飛んできた龍星王に乗っかり(頭に足場がついているところが気になる)、紐男爵に立ち向かうリュウレンジャー。そこにナレーションがかぶさって第一話終了です。
エンディングは、変身スーツ姿のダイレンジャーがそれぞれのバイクで走っている様子です。単純な映像ですが、今見ると、道路を封鎖しての撮影だったのがわかりますし、凝っているな〜と感心します。
彼らのヘルメットは道路交通法的にオーケーなのでしょうか(劇中の話として)。気になります。
序盤は、ゴーマ三幹部をシャダム中心で行くかガラ中心で行くか定まっていない雰囲気がありましたが、予告編で映るのはシャダムです。やはりこのころからシャダム中心で進める向きが強かったのかもしれません。

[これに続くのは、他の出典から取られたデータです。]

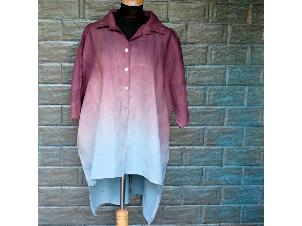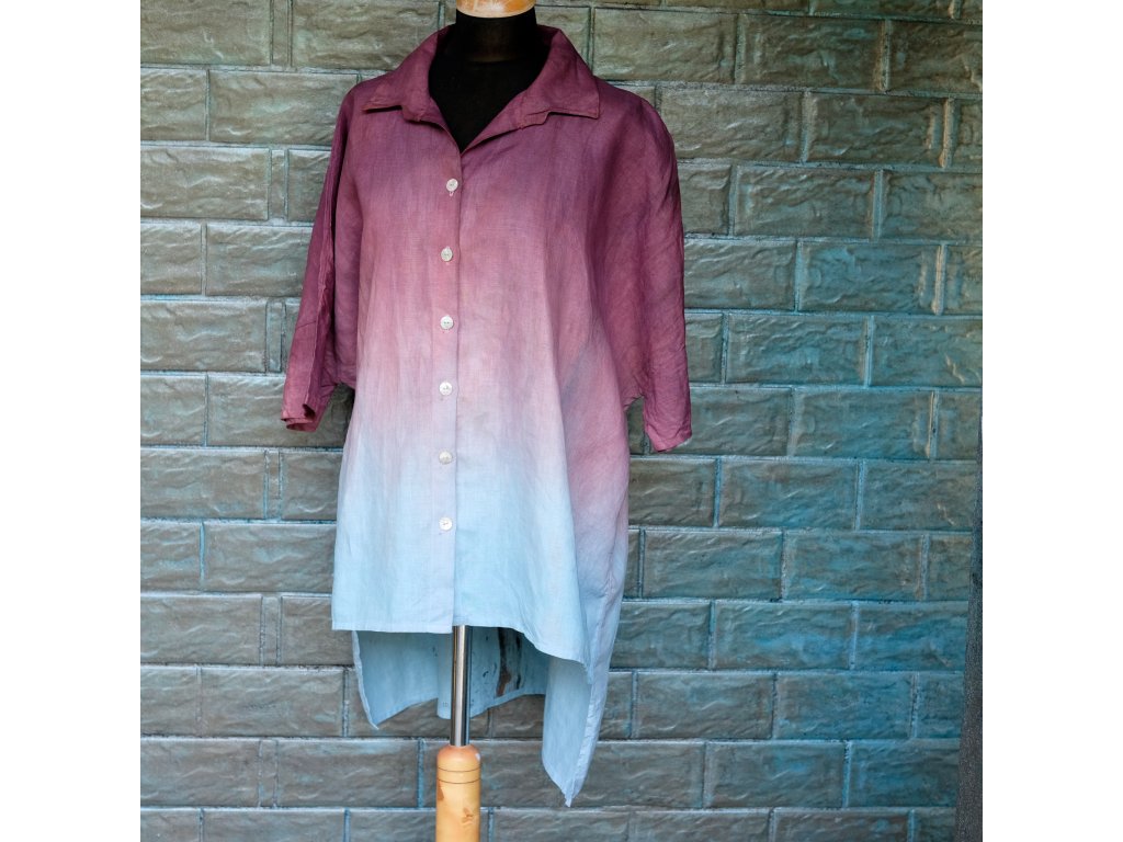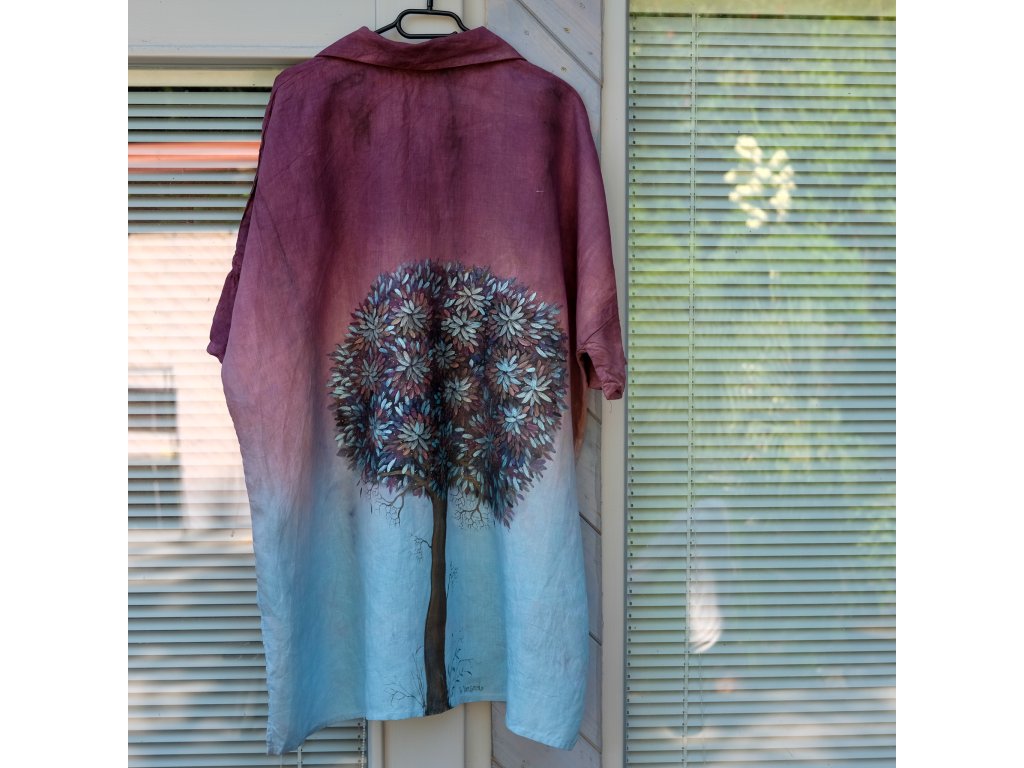 Materiál je krásný český len, ručně barvený reaktivními barvami která barví vláknou uvnitř , neobaluje ho tak drží výborně. Ješět se Vám vyplaví nějaká nedokonale vymáchaná barva , ale pak již barvit nebude. Malovala jsem já prascně a sláskou tak je košile podepsaná, abyste věděli ,že nosíte originál .
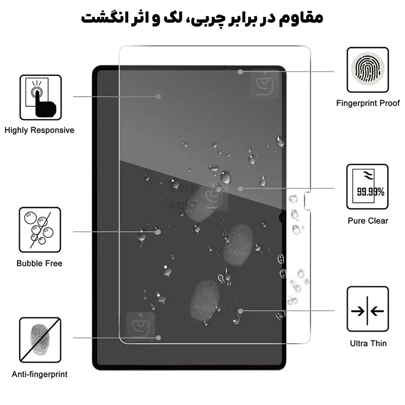 پوشش کامل تمام بخش های نمایشگر تبلت
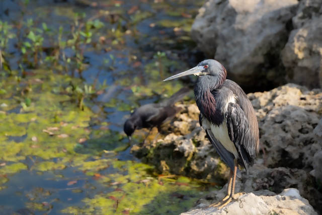 All About Birds says about the tricolored heron, "This fairly small heron wades through coastal waters in search of small fish... Angsty teenagers aren't just a human phenomenon. As Tricolored Herons get older they often lunge and snap at their parents when they arrive at the nest with food. To appease the youngsters, parents greet them with bows."
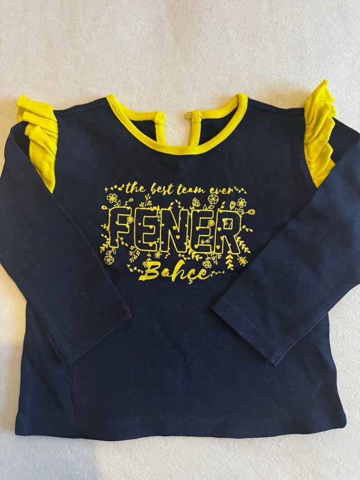 Kız çocuk uzun kollu tişört, yuvarlak yaka ve kollarda fırfır detaylarıyla. Yumuşak ve sıcak kumaştan, pamuklu, renkli "FENER" baskılı tasarım. 1-2 kez kullanıldı.
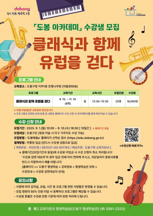 [½Åµ¿¾Æ¹æ¼Û µµºÀ±¸=À̽ŵ¿±âÀÚ] ¼­¿ï µµºÀ±¸°¡ 9¿ù 1ÀϺÎÅÍ 10ÀϱîÁö À¯·´ÀÇ À½¾Ç°ú ¹®È­¸¦ ¹è¿ï ¼ö ÀÖ´Â 'Ŭ·¡½Ä°ú ÇÔ²² À¯·´À» °È´Ù' °­Á Âü¿©ÀÚ¸¦ ¸ðÁýÇÑ´Ù. À̹ø °­Á´ µµºÀ±¸Ã» ÁöÇÏ1Ãþ ÀºÇ೪¹«¹æ¿¡¼­ 9¿ù 15ÀϺÎÅÍ 11¿ù 10ÀϱîÁö ¸ÅÁÖ ¿ù¿äÀÏ ÃÑ 8ȸÂ÷·Î Áø¡¦
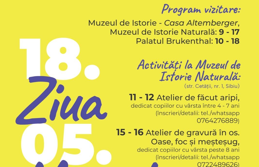 Orele 15-16: Atelier de gravură în os: Oase, foc și meșteșug – dedicat copiilor cu vârsta peste 8 ani (înscrieri/detalii: telefon/WhatsApp: 0722489626).
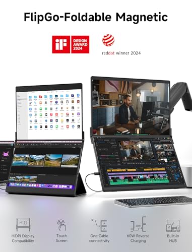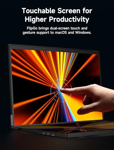 JSAUX - شاشة تعمل باللمس محمولة مزدوجة 13.5 بوصة 2.2K فليب جو من جي سوكس، امتداد لاب توب ثلاثي بتقنية درجة الحماية الماء، واجهة عرض عالية الدقة مع كابل ومنافذ مدمجة وتصميم مغناطيسي لأنظمة ويندوز
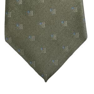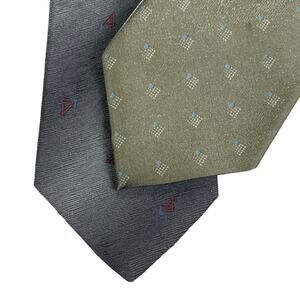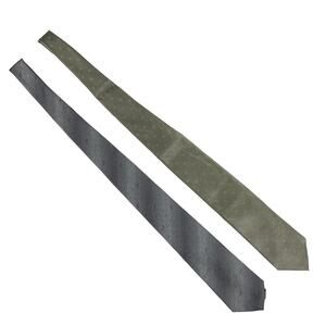 A pair of beautiful shimmery men's neckties in green and silver, each with a subtle geometric pattern. Alfani - Made in Italy. 35% Silk 65% Nylon. Cappuccino - Made in USA - No Materials tag. Due to light & screen variations, colors may vary slightly from the images
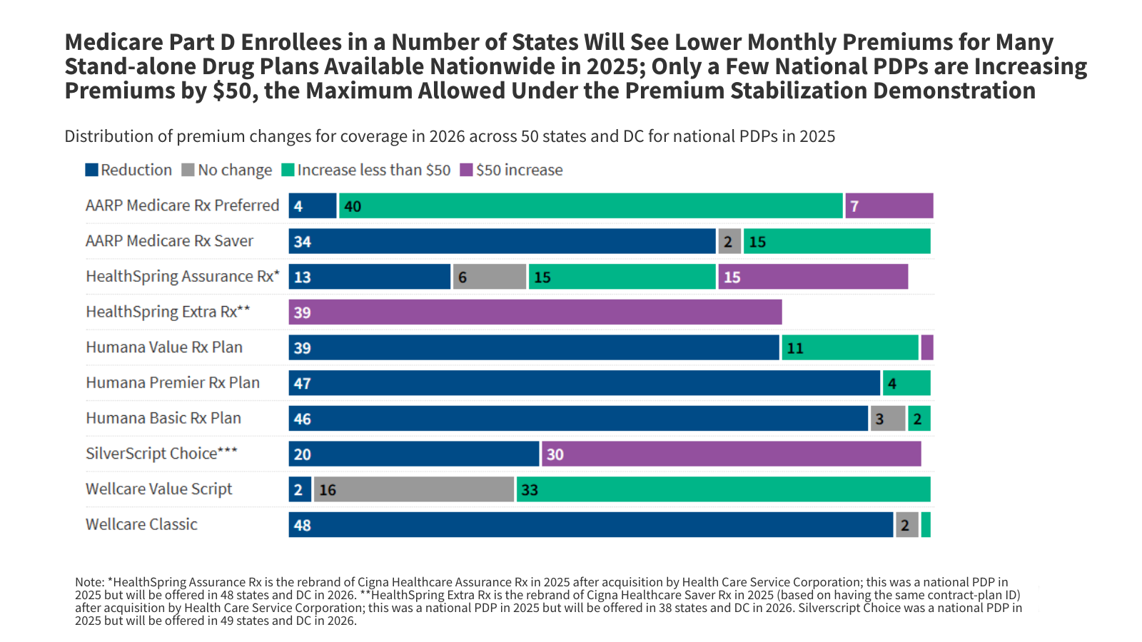 - Enrollees within the third hottest PDP, SilverScript Alternative, will face the utmost $50 enhance of their month-to-month premium in 30 states (together with DC), however a premium discount in 20 different states. The month-to-month premium will range throughout states and DC from $14.70 to $116.
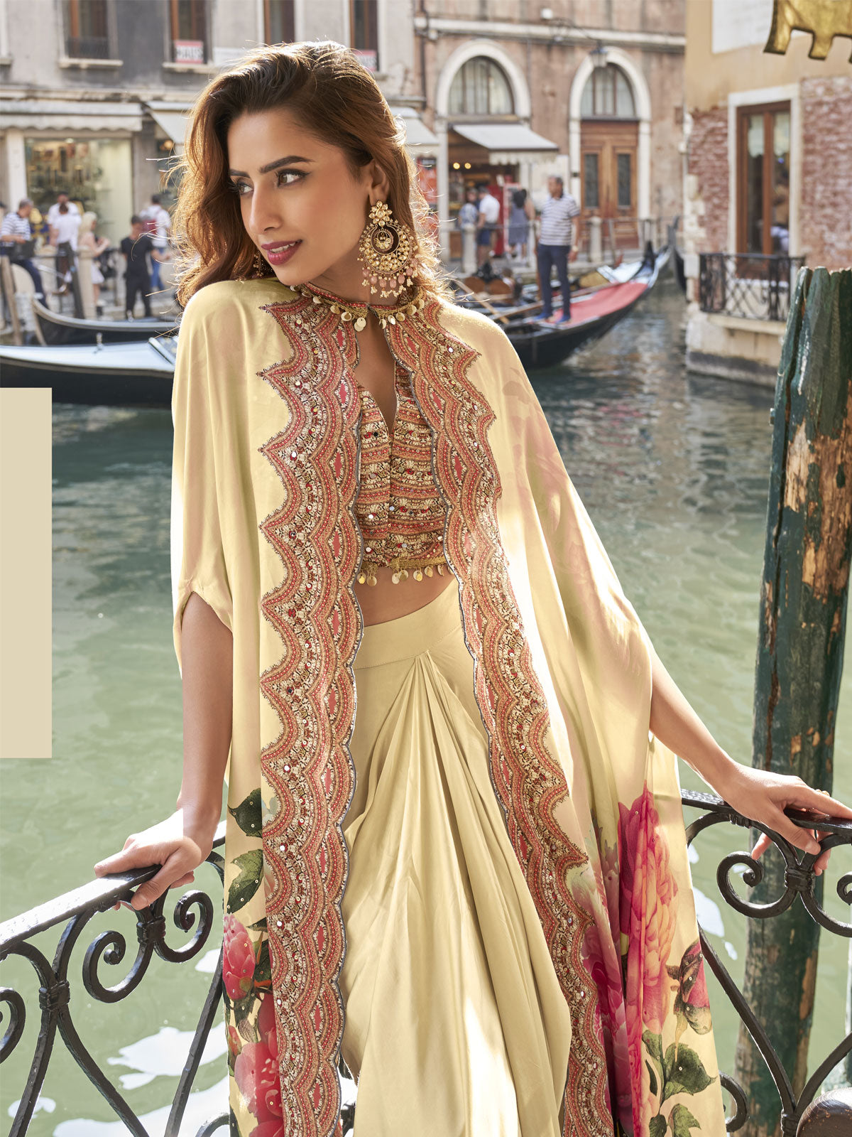 This cream salwar suit showcases refined craftsmanship through its intricate embroidered detailing on premium crepe silk fabric. The sophisticated design elevates your presence at formal occasions, delivering a polished aesthetic that commands attention. The fluid drape of crepe silk ensures comfort without compromising elegance, while the coordinated dupatta completes the ensemble with seamless style coordination.
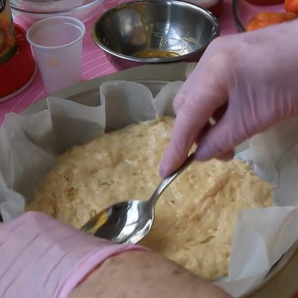 Preko kajsija sipati drugu polovinu pudinga pa ostatak testa
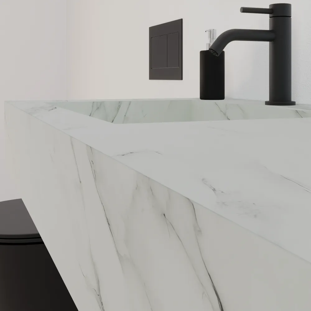 Scopri l'eleganza moderna del top da bagno sospeso Ledro, un capolavoro di design minimalista lungo 120 cm nel raffinato colore calacatta bianco. Realizzato in HPL, un materiale all'avanguardia che unisce l'estetica del marmo naturale alle performance superiori: superficie ultra-resistente ai graffi, al calore, all'umidità e alle macchie, con una finitura opaca setosa che riproduce fedelmente le venature del marmo Calacatta senza le fragilità del materiale originale.
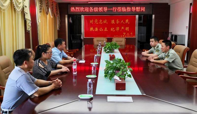 在八一建军节来临之际,731,方邱湖农场党委书记李朝钦、副书记王梅一行带着对人民子弟兵的深情厚谊,到凤阳县消防大队开展八一拥军慰问活动,向消防官兵表达了节日问候和良好祝愿,并送去清凉慰问金。
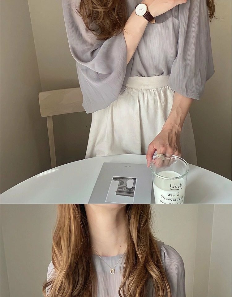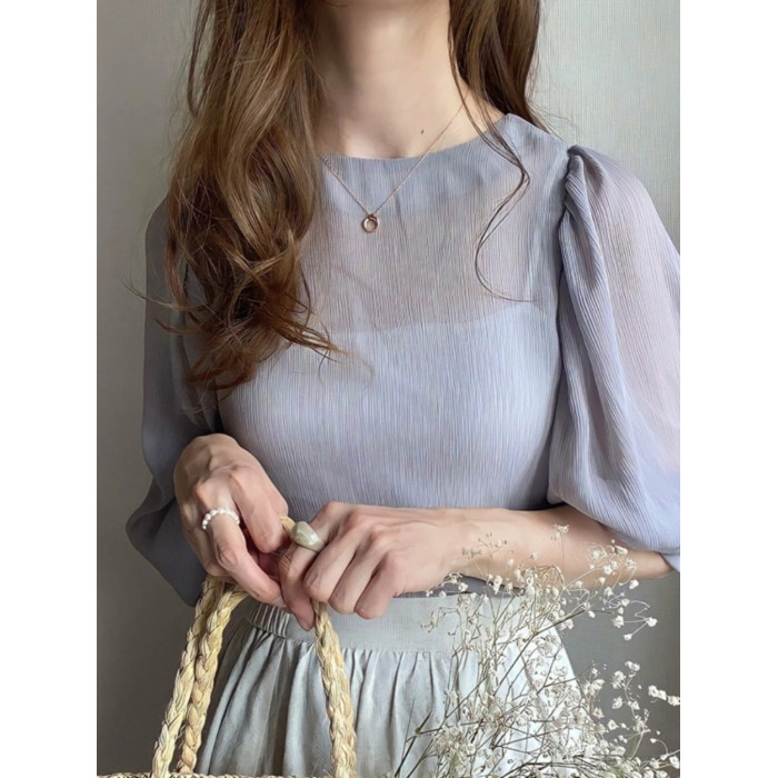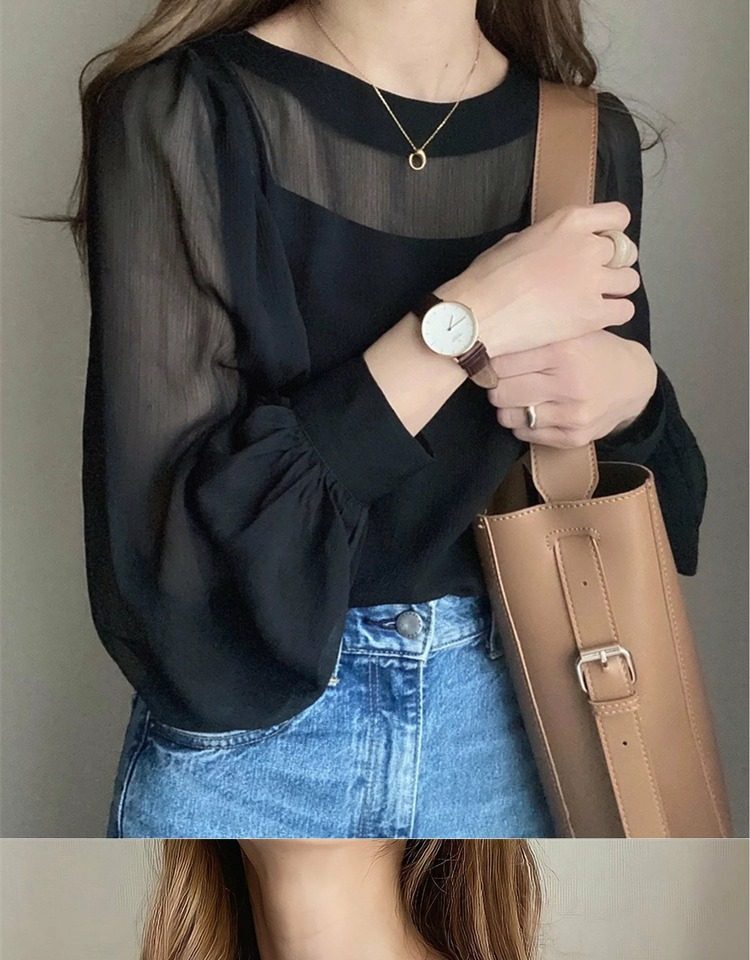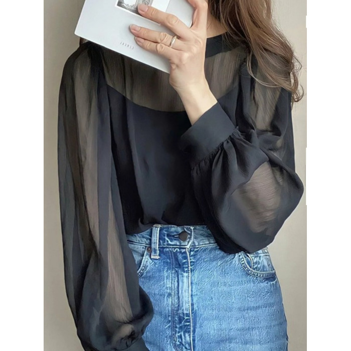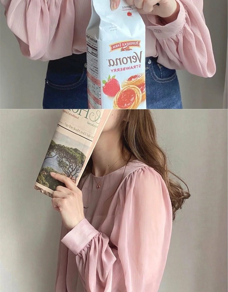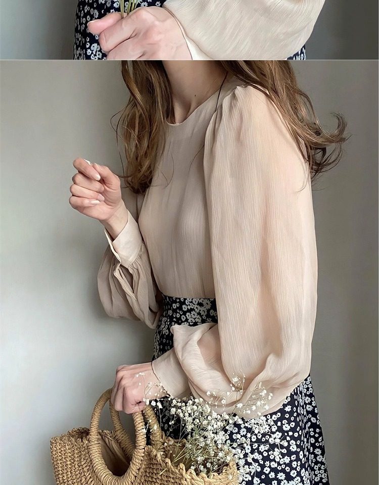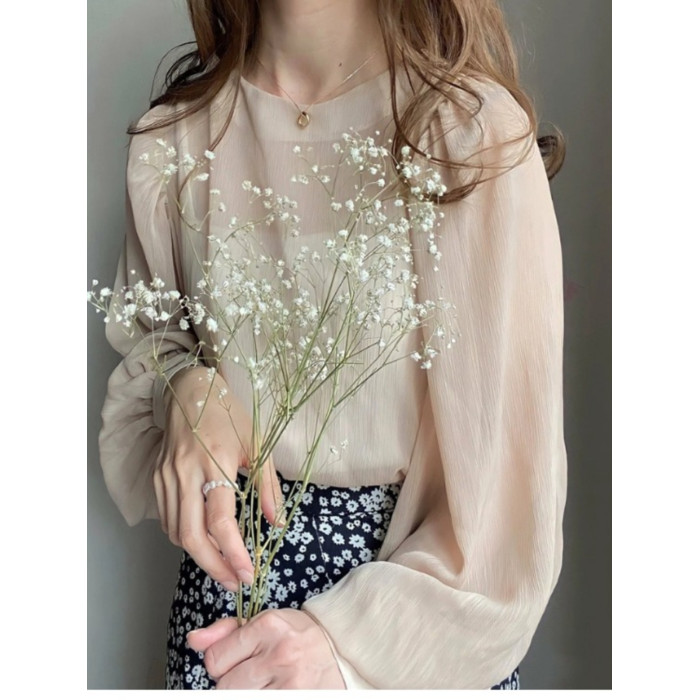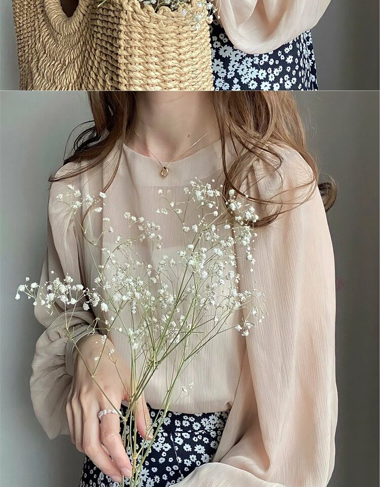 甜美韓國時尚圓領透視粉色寬鬆燈籠長袖雪紡衫防曬衣海邊沙灘罩衫
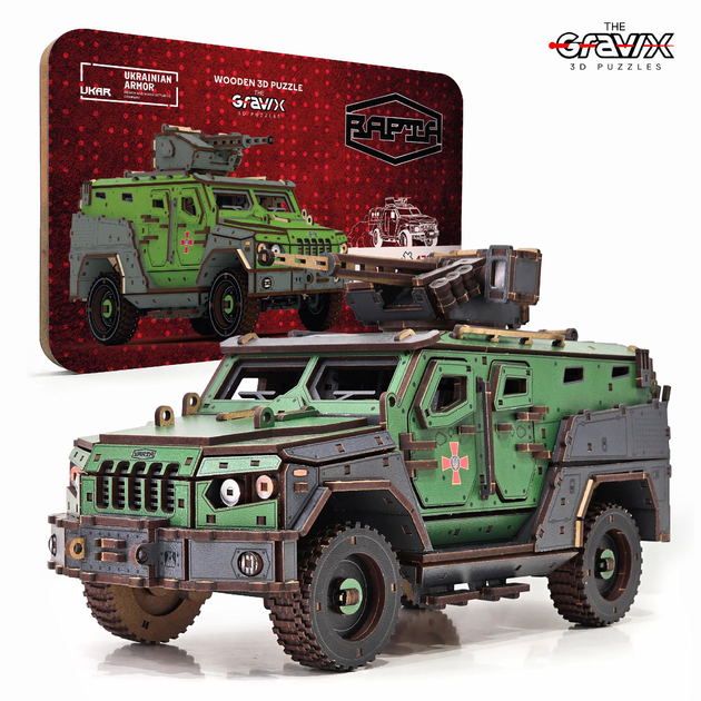Дерев’яний 3D Конструктор “Військовий Тягач” 475 деталей 35 см (04486) THEGRAVIX
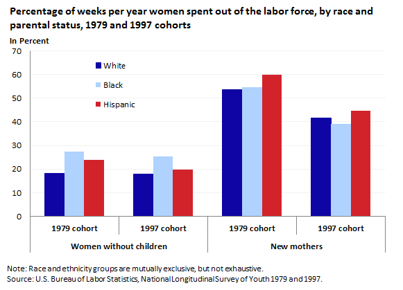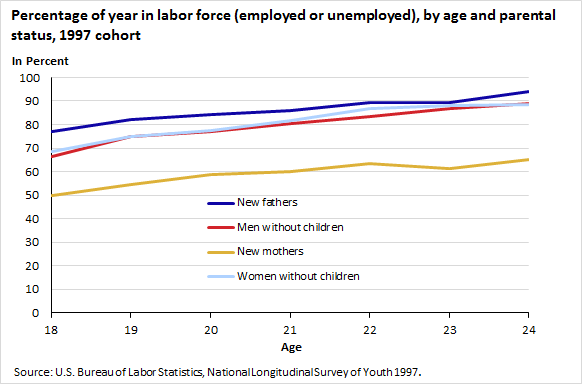 Judith Dey, “How has labor force participation among young moms and dads changed? A comparison of two cohorts,” Beyond the Numbers: Employment & Unemployment, vol. 3, no. 19 (U.S. Bureau of Labor Statistics, September 2014), https://www.bls.gov/opub/btn/volume-3/how-has-labor-force-participation-among-young-moms-and-dads-changed.htm
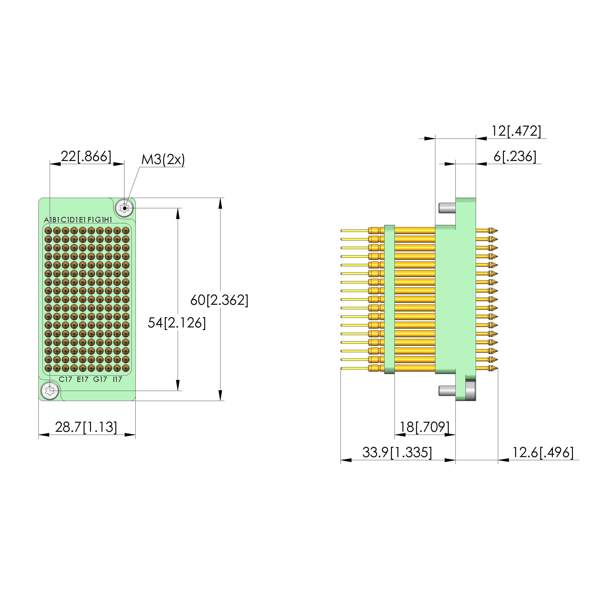 • Air distance (not wired): 0.34 mm [.013 in]

見ながら感想を書いていたら想像以上に長くなりました。
改めてみるとテンポの良さとボリューミーな内容に感心します。
紐男爵の怪奇的でシュールなキャラクターは、ダイレンジャーの方向性を決定づけたと思います。異様な怪人と熱い拳法が同じ作品内に混在できたところが今作品のすごいところです。